Just got home after shooting the final coat on a kitchen cab remodel (hybrid old stained body with new doors and drawers). Used oil Satin Impervo and it was rediculously flawless to work with as always. 

I am not a BM guy, and only spend about 700-1k a month at BM, but I am always jaw dropped at my pricing. (I have a kick azz rep at SW, I'm a little spoiled) 

I know Impervo is top notch but Retail is 71.99 a gal/ and my price is 61.99 a gallon. With a price hike for BM in November of 3-4 percent, its a crap shoot to decide if I am being anal and using the "best" is worth it. 

I love this paint. 

I hate this price. At 330 with tax a fiver, where do you draw the line?

What do guys pay a gallon for Impervo?

Alkyd Satin Impervo to be apples to apples....


----------



## straight_lines (Oct 17, 2007)

About $60 a gal now. Price jumped a while back from around $50. I remember when it was $38. 

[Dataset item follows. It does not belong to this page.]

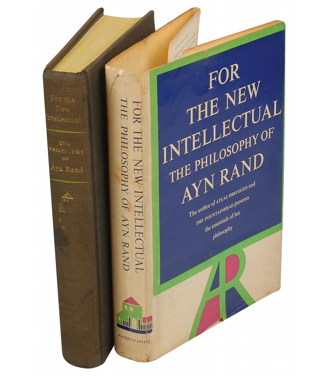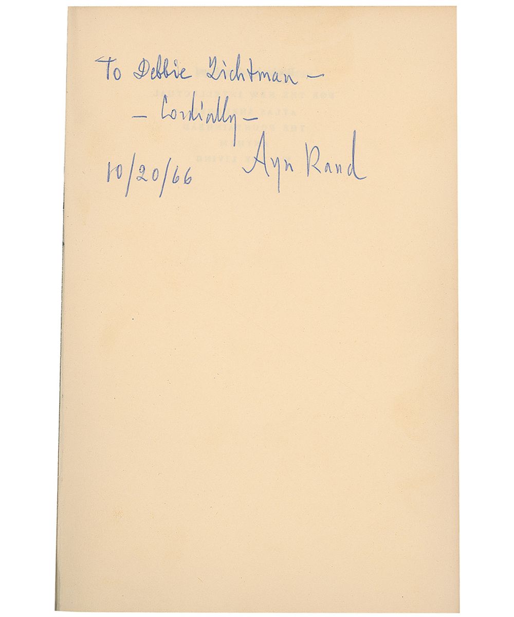 Signed book: For the New Intellectual: The Philosophy of Ayn Rand. Later printing. NY: Random House, 1961. Hardcover with dust jacket, 5.5 x 8.5, 242 pages. Signed and inscribed on the second free end page, “To Debbie Lichtman—Cordially—Ayn Rand, 10/20/66

Still nothing on the market can match the quality of oil imprevo.


----------



## premierpainter (Apr 17, 2007)

Just used tons at a church job. $51.99 a gallon.


----------



## daArch (Mar 15, 2008)

You have to ask yourself a few questions

Is it worth the price over another product ? (better coverage, ease of application, no need to correct flaws)

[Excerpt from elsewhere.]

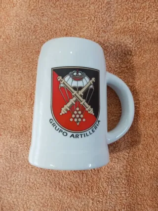 Jarra de cerámica blanca con el emblema del Grupo de Artillería de la Brigada Paracaidista.taza militar ejercito - Diseño con escudo y corona. - Texto GRUPO ARTILLERIA en la base.
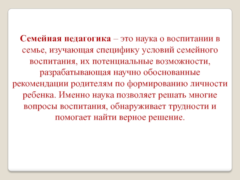 семейного воспитания, их потенциальные возможности, разрабатывающая научно обоснованные рекомендации родителям по формированию личности ребенка. Именно наука позволяет решать многие вопросы воспитания, обнаруживает трудности и помогает найти верное решение.

Will you loose work by passing on price increase ?

Can you absorb the price increase or part of it?

Might your reputation suffer if you use another product that you can not make look as good?

When prices increase, we need to make important business decisions.


----------



## NCPaint1 (Aug 6, 2009)

premierpainter said:


> Just used tons at a church job. $51.99 a gallon.


Thats where i'm at, but im too cheap on it.


----------



## Paradigmzz (May 5, 2010)

daArch said:


> You have to ask yourself a few questions
> 
> Is it worth the price over another product ? (better coverage, ease of application, no need to correct flaws)
> 
> ...


Great PC answer Bill! 
I just wanted to verify if my pricing was in a reasonable ballpark. I'm good with it.


----------



## daArch (Mar 15, 2008)

Paradigmzz said:


> Great PC answer Bill!
> I just wanted to verify if my pricing was in a reasonable ballpark. I'm good with it.


PC . . . as in Painting Contractor ? :whistling2: 

Sorry I was addressing the question of where do you draw the line

I thought you were seriously considering alternatives. Don't mind me, I'm bored.


----------



## One Coat Coverage (Oct 4, 2009)

Between 55-65 depending on what hardware store I go to.


----------